Gantt Charts in Python

How to make Gantt Charts in Python with Plotly. Gantt Charts use horizontal bars to represent the start and end times of tasks.


New to Plotly?

Plotly is a free and open-source graphing library for Python. We recommend you read our Getting Started guide for the latest installation or upgrade instructions, then move on to our Plotly Fundamentals tutorials or dive straight in to some Basic Charts tutorials.

A Gantt chart is a type of bar chart that illustrates a project schedule. The chart lists the tasks to be performed on the vertical axis, and time intervals on the horizontal axis.

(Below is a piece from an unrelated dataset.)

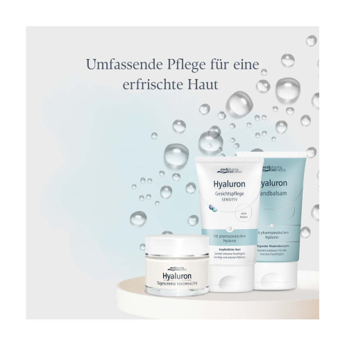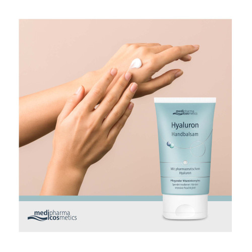 Der Hyaluron Handbalsam von medipharma cosmetics wurde speziell für die Bedürfnisse trockener und empfindlicher Haut entwickelt. Die vegane Formulierung enthält pharmazeutisches Hyaluron, Biotin, Vitamin A und Provitamin B5 – eine wirkungsvolle Kombination, die die Haut intensiv mit Feuchtigkeit versorgt, die Regeneration unterstützt und die Hautstruktur glätten kann. Auch spröde Nagelhaut wird gepflegt und geschmeidig gehalten.

The width of the horizontal bars in the graph shows the duration of each activity.

Gantt Charts and Timelines with plotly.express

Plotly Express is the easy-to-use, high-level interface to Plotly, which operates on a variety of types of data and produces easy-to-style figures. With px.timeline (introduced in version 4.9) each data point is represented as a horizontal bar with a start and end point specified as dates.

The px.timeline function by default sets the X-axis to be of type=date, so it can be configured like any time-series chart.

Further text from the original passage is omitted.